Dr. Roengrudee Patanavanich of Mahidol University’s Faculty of Medicine emphasized that the Excise Department is reviewing proposals for a new structure that would replace the existing system, which has been in place since 2017. The World Health Organization (WHO) has long recommended a uniform excise tax rate to simplify enforcement and improve health outcomes.

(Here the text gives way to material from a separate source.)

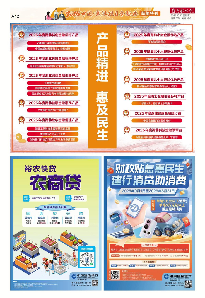 12月12日,2025中国·武汉极目金融榜榜单揭晓,华夏银行武汉分行荣获“2025科技金融年度大奖”“2025绿色金融年度大奖”“2025年度湖北金融创新标杆产品——华夏KPL王者梦之队联名卡”三项大奖。

Under the current policy, cigarette packs priced at 72 baht or less are taxed at 25%, while those priced higher face a 42% tax. In addition, a flat rate of 1.25 baht per cigarette — or 25 baht per 20-stick pack — is applied. Despite these measures, revenue has plummeted: from 64.2 billion baht in 2021 to just 51.24 billion baht last year — the lowest level in 15 years.

Critics argue that the shift away from a single-rate tax in 2017 reversed years of progress. Between 1990 and 2017, tax revenue had steadily risen from 13.6 billion to 68.6 billion baht, while the smoking rate dropped from 31% to 19.1%. Since the introduction of the dual-rate system, however, the smoking rate has plateaued, and illicit cigarette trade remains widespread.

The Finance Ministry has also struggled to meet its annual tax revenue target of 60 billion baht from tobacco, prompting calls for urgent reform.

Dr. Roengrudee and others believe returning to a single-rate tax could simplify enforcement, increase revenue, and better support national health goals.